[Records from a collection]
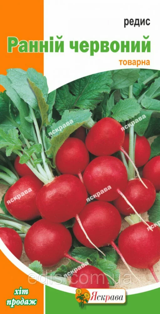Редис Ранній червоний 3 гРанньостиглий, від сходів до першого збору 24-28 днів. Коренеплід червоний, округлий, масою 8-14 г, занурений в грунт на 2/3. Смакові якості високі. Стійкий до цвітіння. При нетривалих зберіганні коренеплоди не втрачають товарності.
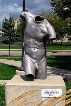 Torso Fragment, a public sculpture by the American artist Casey Eskridge, is located on the Indiana University–Purdue University Indianapolis (IUPUI) campus, near downtown Indianapolis, Indiana. The piece was donated to IUPUI and is located outside of the west entrance to Eskenazi Hall on the IUPUI campus. Eskenazi Hall houses Indiana University’s Herron School of Art and Design and is located at 735 W. New York Street in Indianapolis. The sculpture was created in 2005.
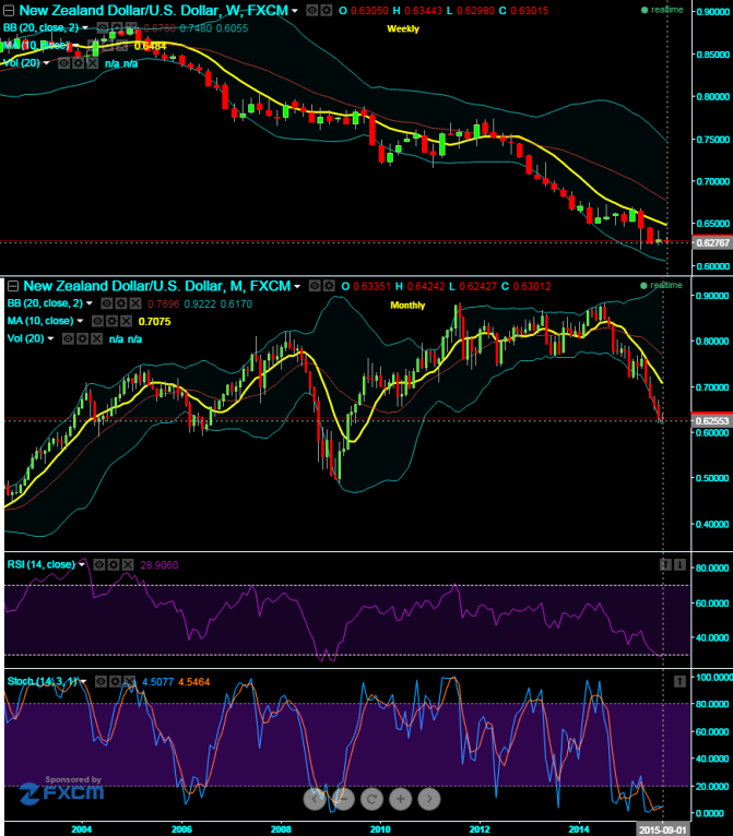 In our earlier posts we described leading technical indicators tend to signal NZD/USD could have trend reversal but the Chinese slowdown not only had a direct impact, in terms of the export of Kiwis dairy products and in terms of its prices as well, but the spillover of the cost that has to economies around Asia, dairy prices dropped to a twelve and half year low in August as the slowdown in China, the scale of the impact was obvious in the fact that the current dairy payout to farmers from Fonterra was the lowest in real terms since 1912.
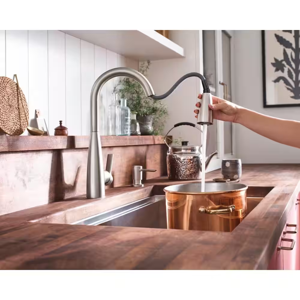 Fast Shipping On All Items 30 Days Money Guarantee Customer Support Excellent Service 100% Satisfaction Satisfaction Guaranteed Haelyn Single-Handle Pull-Down Sprayer Kitchen Faucet with Reflex and Power Boost in Spot Resist Stainless Specification Cartridge Valve Type Ceramic Disc Faucets Color Family Steel Color/Finish Spot Resist Stainless Commercial / Residential Residential Faucet Height (in) 15.93 in Faucet Hole Fit Single Hole Faucet Hole Spacing No Spacing - Single Hole Faucet Type Pull Down Features Pull Out Spray Wand,Secure Docking,Spot Resistant Finish Family Stainless Flow rate (gallons per minute) 1.5 Hub Required No hub connection available Included Components No Additional Items Material Zinc Mount Location Deck Mount Number of Faucet Handles Single Handle Remote Access No Remote Access Requires Hub? No Hub Required Returnable 90-Day Sensor Activation No Sensor Spout Swivel Type 360 Degree Spout Swivel Valve material Ceramic Certifications and Listings ANSI Certified,ASME Certified,CSA Certified Manufacturer Warranty Limited Lifetime Warranty Connection size (in) 3/8 In. Extended Hose Length (in) 68 Spout Height (in) 7.86 Spout Reach (in) 15.85 in 68.0 inches x 15.93 inches. Weight: 0.0 grams Item Description Power Boost technology provides up to 50% faster clean and fill Features Duralock quick connect system for easy installation Backed by a limited lifetime warranty The Haelyn family offers a classic style and 1-handle convenience. Soft geometric curves and uncomplicated style features give the Haelyn collection an ageless yet fashion-forward presence. Tailored yet relaxed, the Haelyn collection is an exercise in design balance. Spot resist stainless finish resists fingerprints and water spots for a cleaner looking kitchen Equipped with the reflex system for smooth operation, easy movement and secure docking of the pulldown/pullout spray head Power Boost technology provides boosted water performance with the push of a button with - faster clean. faster fill. Matching accessory: soap dispenser included Optional deckplate included - compatible with 1,2,3 or 4 hole installation Standard design: mounts on the sink or countertop ADA compliant: complies with Americans with Disabilities Act (ADA) specifications Backed by MOEN's lifetime limited warranty to ensure superior quality About us We offer the best prices around on high quality products. Our E-store includes media such as books, movies, music and games while offering electronics, toys, sporting apparel, clothing, tools, general home, garden items and more. Shipping We are always working hard to ensure your package arrives as soon as possible. Please understand that some factors like weather, high postal traffic, and the performance of shipping companies are outside of our control. We offer free shipping to the lower 48 states and ship within 2-3 business days of payment, usually sooner. We do not accept P.O. Boxes. Please provide a physical address. For shipping outside of the continental USA, we only use eBay's Global Shipping Program.The item is shipped to KY and then sent to the rest of the world. International customers are responsible for all duties and taxes. Continue to check out to calculate costs for shipping the item to your country. Messages regarding eBay's Global Shipping Program MUST be directed at eBay EXCLUSIVELY. Returns We offer a 30-Day Return Policy on items in which you are not completely satisfied with. You have the option of a full-refund or an exchange of the item. No returns are available on items shipped outside of the USA Satisfaction We try over very best to make sure every customer is completely satisfied. If there's a problem, message us! We're happy to help. Payment Options Shop With Confidence
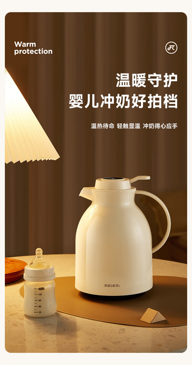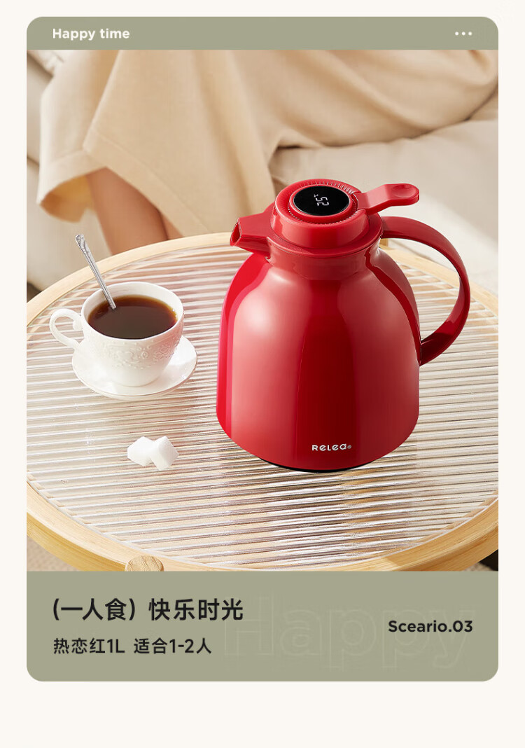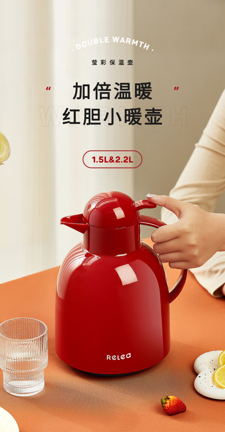 RELEA thermos kettle household large-capacity hot water kettle digital display hot water bottle boiling water bottle thermos water bottle enterprise group purchase customization hot love red new upgrade 1.5L
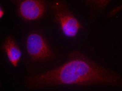 Immunofluorescence staining of methanol-fixed Hela cells using PKR(Ab-446) Antibody.
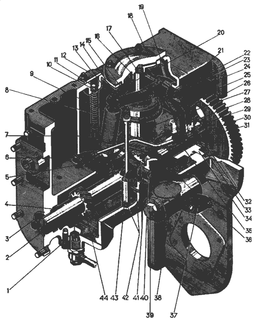 Поворачивать наружный рычаг регулятора в сторону вентилятора до тех пор, пока плечо рычага 5 не упрется в упор 7 минимальной подачи без деформации пружины упора.
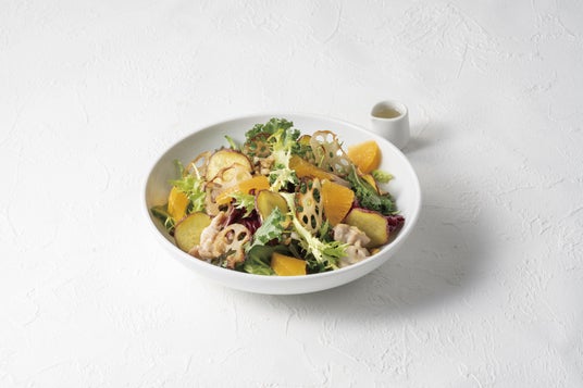 デコポンと根菜のローストチキンサラダ 1,550円(税込)フレッシュのデコポンやローストした根菜のチップスを使用した季節のサラダです。カカオフルーツとホワイトバルサミコのオリジナルドレッシングでお召し上がり下さい。
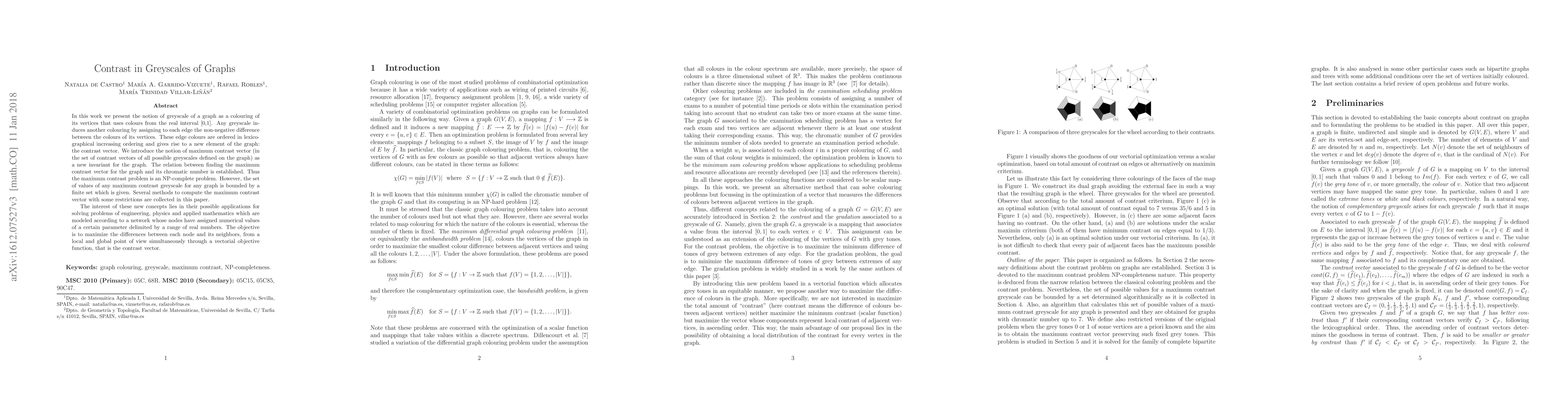A greyscale $f$ of a graph $G(V,E)$ is a mapping from $V$ to the interval $[0,1]$ such that $\{0, 1\} \subseteq Im(f)$. This function $f$ induces another mapping $\widehat{f}$ on $E$ by assigning to each edge the non-negative difference of the values of $f$ on its vertices. The contrast vector $cont(G,f)$ is defined as the vector $(\widehat{f}(e_1), \widehat{f}(e_2), \ldots, \widehat{f}(e_m))$ for all edges $e_i$ of $G$ in such a way that $\widehat{f}(e_i) \leq \widehat{f}(e_{i+1})$ for $i= 1, 2, \dots, m-1$. The concept of maximum contrast vector is presented by using the lexicographical ordering in the set of contrast vectors of all possible greyscales defined on $G$ and a greyscale that gives rise to a maximum contrast vector is named maximum contrast greyscale. The relation between finding the maximum contrast vector for the graph $G$ and the chromatic number of $G$ is established. Thus the maximum contrast problem is an NP-complete problem. However, the set of values of any maximum contrast greyscale for any graph is bounded by a finite set which is given. Several methods to compute the maximum contrast vector with some restrictions in are collected in this paper.
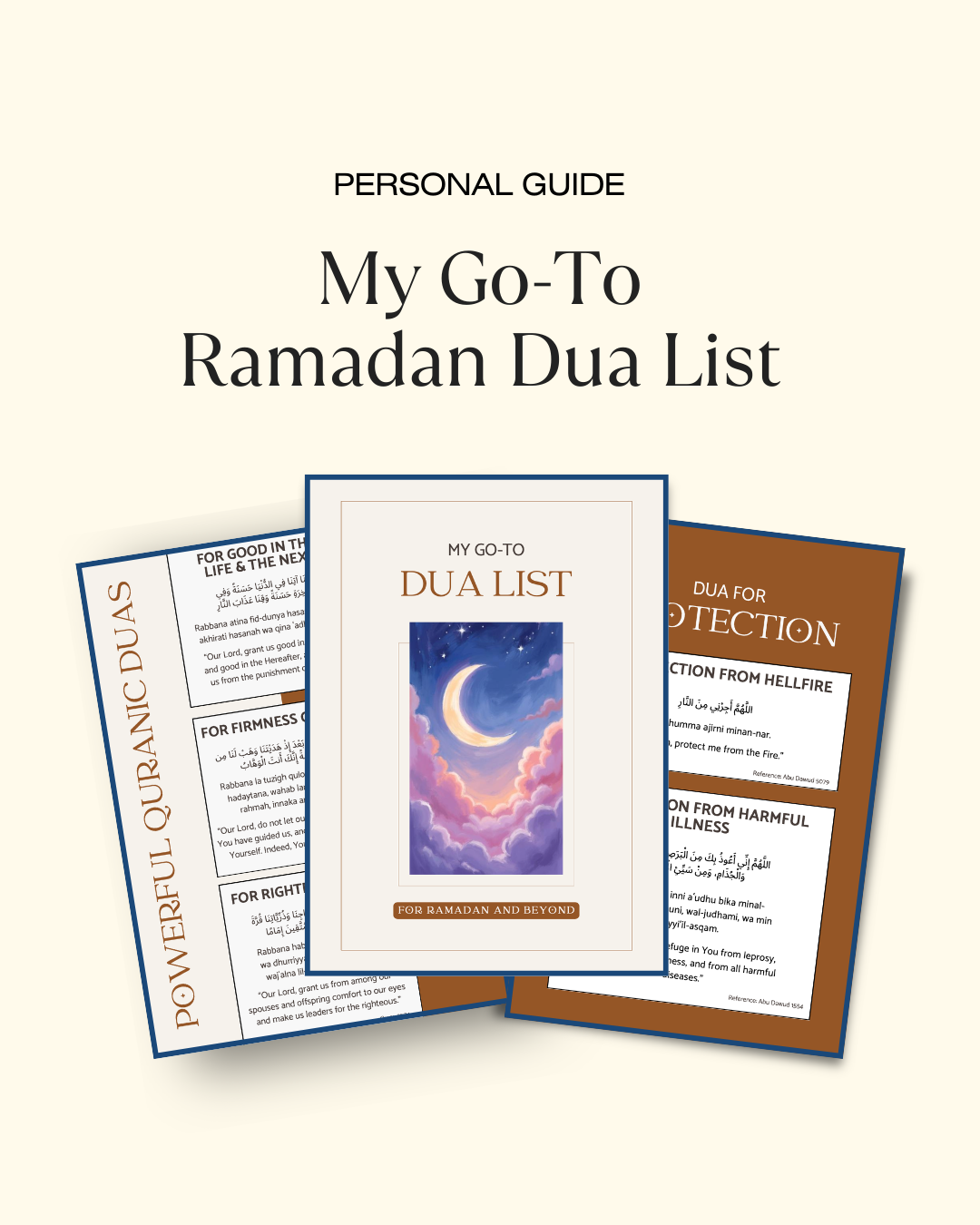 Gifts for Your DeenLittle gifts made with love to inspire your iman, reflection, and everyday worship. Email Address Get The Mercy List We respect your privacy. Your Freebie is on the way to your e-mail address! Email Address Get Ramadan Dua List We respect your privacy. Your Freebie is on the way to your e-mail address! Email Address Get Pre-Ramadan Challenge We respect your privacy. Your Freebie is on the way to your e-mail address! Email Address Get Heart Check-in Prompts We respect your privacy. Your Freebie is on the way to your e-mail address! Freebies every month Sign up with your email address to receive a digitial freebie every month. Email Address Sign Up We respect your privacy. Thank you!
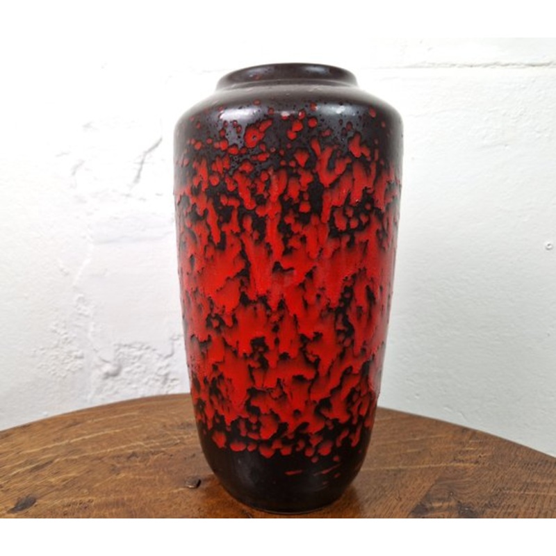 Really handsome floor vase by Scheurich, made in Germany in the 1970s. The fat lava glazing is a striking red on a deep bronzy brown base color. Great condition. Manufacturer Scheurich Keramik Design Period 1970 to 1979 Production Period 1970 to 1979 Count
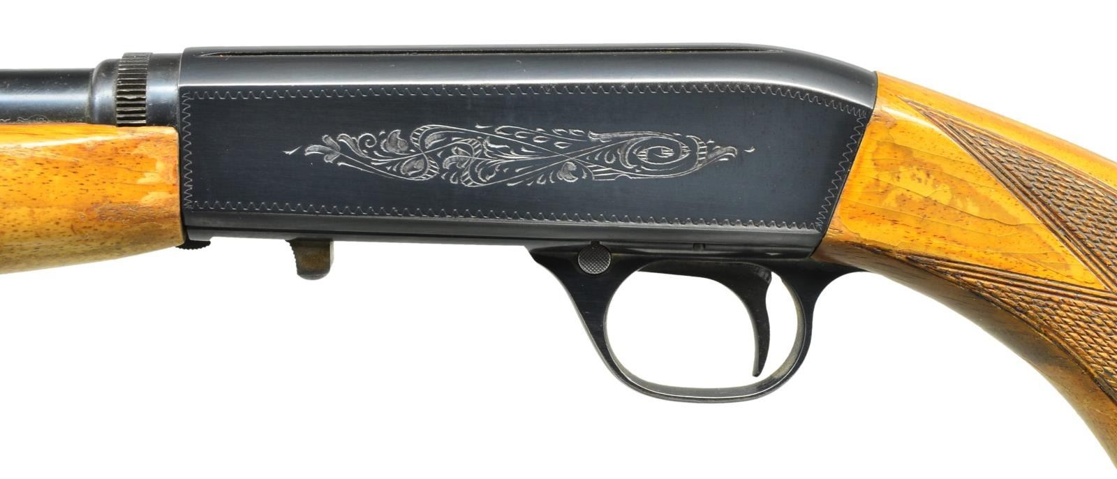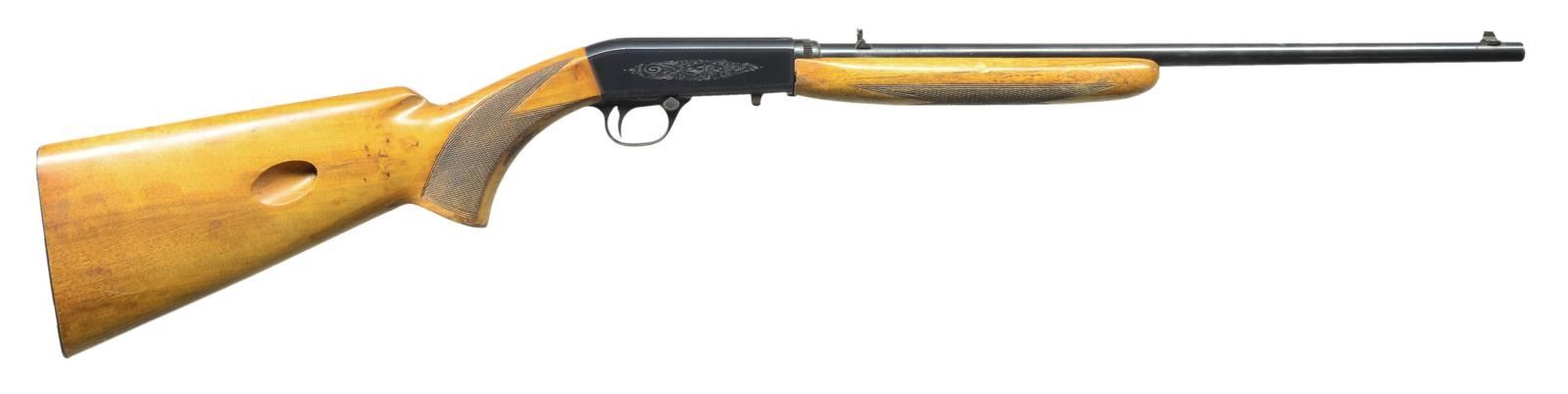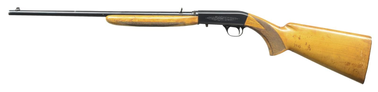 RIFLE. Cal. 22 LR. S# 2T46316 (1962). Bbl. 19 1/2" rnd. w/ bead front sight & folding leaf rear sight. Bottom eject takedown action w/ Grade I scroll highlight & borderline engraving. Blue finish. Beavertail walnut forearm & pistol grip stock w/ grooved steel buttplate & hand checkering. Mag. tube inserts through buttplate & load through right side. CONDITION: 85% blue showing carry & edge wear w/ 2 spots of gun rack wear on bbl. Wood has blistered & peeling finish showing numerous dents & handling marks. Functioning action, spring & plunger for takedown latch are missing. Bore retains strong rifling. (21-4365/DS). CURIO. $350-500.

BRIEF: Although the records contain pictures, the copy should hold only their text, reproduced exactly.

SOLUTION:
Редис Ранній червоний 3 гРанньостиглий, від сходів до першого збору 24-28 днів. Коренеплід червоний, округлий, масою 8-14 г, занурений в грунт на 2/3. Смакові якості високі. Стійкий до цвітіння. При нетривалих зберіганні коренеплоди не втрачають товарності.
 Torso Fragment, a public sculpture by the American artist Casey Eskridge, is located on the Indiana University–Purdue University Indianapolis (IUPUI) campus, near downtown Indianapolis, Indiana. The piece was donated to IUPUI and is located outside of the west entrance to Eskenazi Hall on the IUPUI campus. Eskenazi Hall houses Indiana University’s Herron School of Art and Design and is located at 735 W. New York Street in Indianapolis. The sculpture was created in 2005.
 In our earlier posts we described leading technical indicators tend to signal NZD/USD could have trend reversal but the Chinese slowdown not only had a direct impact, in terms of the export of Kiwis dairy products and in terms of its prices as well, but the spillover of the cost that has to economies around Asia, dairy prices dropped to a twelve and half year low in August as the slowdown in China, the scale of the impact was obvious in the fact that the current dairy payout to farmers from Fonterra was the lowest in real terms since 1912.
 Fast Shipping On All Items 30 Days Money Guarantee Customer Support Excellent Service 100% Satisfaction Satisfaction Guaranteed Haelyn Single-Handle Pull-Down Sprayer Kitchen Faucet with Reflex and Power Boost in Spot Resist Stainless Specification Cartridge Valve Type Ceramic Disc Faucets Color Family Steel Color/Finish Spot Resist Stainless Commercial / Residential Residential Faucet Height (in) 15.93 in Faucet Hole Fit Single Hole Faucet Hole Spacing No Spacing - Single Hole Faucet Type Pull Down Features Pull Out Spray Wand,Secure Docking,Spot Resistant Finish Family Stainless Flow rate (gallons per minute) 1.5 Hub Required No hub connection available Included Components No Additional Items Material Zinc Mount Location Deck Mount Number of Faucet Handles Single Handle Remote Access No Remote Access Requires Hub? No Hub Required Returnable 90-Day Sensor Activation No Sensor Spout Swivel Type 360 Degree Spout Swivel Valve material Ceramic Certifications and Listings ANSI Certified,ASME Certified,CSA Certified Manufacturer Warranty Limited Lifetime Warranty Connection size (in) 3/8 In. Extended Hose Length (in) 68 Spout Height (in) 7.86 Spout Reach (in) 15.85 in 68.0 inches x 15.93 inches. Weight: 0.0 grams Item Description Power Boost technology provides up to 50% faster clean and fill Features Duralock quick connect system for easy installation Backed by a limited lifetime warranty The Haelyn family offers a classic style and 1-handle convenience. Soft geometric curves and uncomplicated style features give the Haelyn collection an ageless yet fashion-forward presence. Tailored yet relaxed, the Haelyn collection is an exercise in design balance. Spot resist stainless finish resists fingerprints and water spots for a cleaner looking kitchen Equipped with the reflex system for smooth operation, easy movement and secure docking of the pulldown/pullout spray head Power Boost technology provides boosted water performance with the push of a button with - faster clean. faster fill. Matching accessory: soap dispenser included Optional deckplate included - compatible with 1,2,3 or 4 hole installation Standard design: mounts on the sink or countertop ADA compliant: complies with Americans with Disabilities Act (ADA) specifications Backed by MOEN's lifetime limited warranty to ensure superior quality About us We offer the best prices around on high quality products. Our E-store includes media such as books, movies, music and games while offering electronics, toys, sporting apparel, clothing, tools, general home, garden items and more. Shipping We are always working hard to ensure your package arrives as soon as possible. Please understand that some factors like weather, high postal traffic, and the performance of shipping companies are outside of our control. We offer free shipping to the lower 48 states and ship within 2-3 business days of payment, usually sooner. We do not accept P.O. Boxes. Please provide a physical address. For shipping outside of the continental USA, we only use eBay's Global Shipping Program.The item is shipped to KY and then sent to the rest of the world. International customers are responsible for all duties and taxes. Continue to check out to calculate costs for shipping the item to your country. Messages regarding eBay's Global Shipping Program MUST be directed at eBay EXCLUSIVELY. Returns We offer a 30-Day Return Policy on items in which you are not completely satisfied with. You have the option of a full-refund or an exchange of the item. No returns are available on items shipped outside of the USA Satisfaction We try over very best to make sure every customer is completely satisfied. If there's a problem, message us! We're happy to help. Payment Options Shop With Confidence
 RELEA thermos kettle household large-capacity hot water kettle digital display hot water bottle boiling water bottle thermos water bottle enterprise group purchase customization hot love red new upgrade 1.5L
 Immunofluorescence staining of methanol-fixed Hela cells using PKR(Ab-446) Antibody.
 Поворачивать наружный рычаг регулятора в сторону вентилятора до тех пор, пока плечо рычага 5 не упрется в упор 7 минимальной подачи без деформации пружины упора.
 デコポンと根菜のローストチキンサラダ 1,550円(税込)フレッシュのデコポンやローストした根菜のチップスを使用した季節のサラダです。カカオフルーツとホワイトバルサミコのオリジナルドレッシングでお召し上がり下さい。
A greyscale $f$ of a graph $G(V,E)$ is a mapping from $V$ to the interval $[0,1]$ such that $\{0, 1\} \subseteq Im(f)$. This function $f$ induces another mapping $\widehat{f}$ on $E$ by assigning to each edge the non-negative difference of the values of $f$ on its vertices. The contrast vector $cont(G,f)$ is defined as the vector $(\widehat{f}(e_1), \widehat{f}(e_2), \ldots, \widehat{f}(e_m))$ for all edges $e_i$ of $G$ in such a way that $\widehat{f}(e_i) \leq \widehat{f}(e_{i+1})$ for $i= 1, 2, \dots, m-1$. The concept of maximum contrast vector is presented by using the lexicographical ordering in the set of contrast vectors of all possible greyscales defined on $G$ and a greyscale that gives rise to a maximum contrast vector is named maximum contrast greyscale. The relation between finding the maximum contrast vector for the graph $G$ and the chromatic number of $G$ is established. Thus the maximum contrast problem is an NP-complete problem. However, the set of values of any maximum contrast greyscale for any graph is bounded by a finite set which is given. Several methods to compute the maximum contrast vector with some restrictions in are collected in this paper.
 Gifts for Your DeenLittle gifts made with love to inspire your iman, reflection, and everyday worship. Email Address Get The Mercy List We respect your privacy. Your Freebie is on the way to your e-mail address! Email Address Get Ramadan Dua List We respect your privacy. Your Freebie is on the way to your e-mail address! Email Address Get Pre-Ramadan Challenge We respect your privacy. Your Freebie is on the way to your e-mail address! Email Address Get Heart Check-in Prompts We respect your privacy. Your Freebie is on the way to your e-mail address! Freebies every month Sign up with your email address to receive a digitial freebie every month. Email Address Sign Up We respect your privacy. Thank you!
 Really handsome floor vase by Scheurich, made in Germany in the 1970s. The fat lava glazing is a striking red on a deep bronzy brown base color. Great condition. Manufacturer Scheurich Keramik Design Period 1970 to 1979 Production Period 1970 to 1979 Count
 RIFLE. Cal. 22 LR. S# 2T46316 (1962). Bbl. 19 1/2" rnd. w/ bead front sight & folding leaf rear sight. Bottom eject takedown action w/ Grade I scroll highlight & borderline engraving. Blue finish. Beavertail walnut forearm & pistol grip stock w/ grooved steel buttplate & hand checkering. Mag. tube inserts through buttplate & load through right side. CONDITION: 85% blue showing carry & edge wear w/ 2 spots of gun rack wear on bbl. Wood has blistered & peeling finish showing numerous dents & handling marks. Functioning action, spring & plunger for takedown latch are missing. Bore retains strong rifling. (21-4365/DS). CURIO. $350-500.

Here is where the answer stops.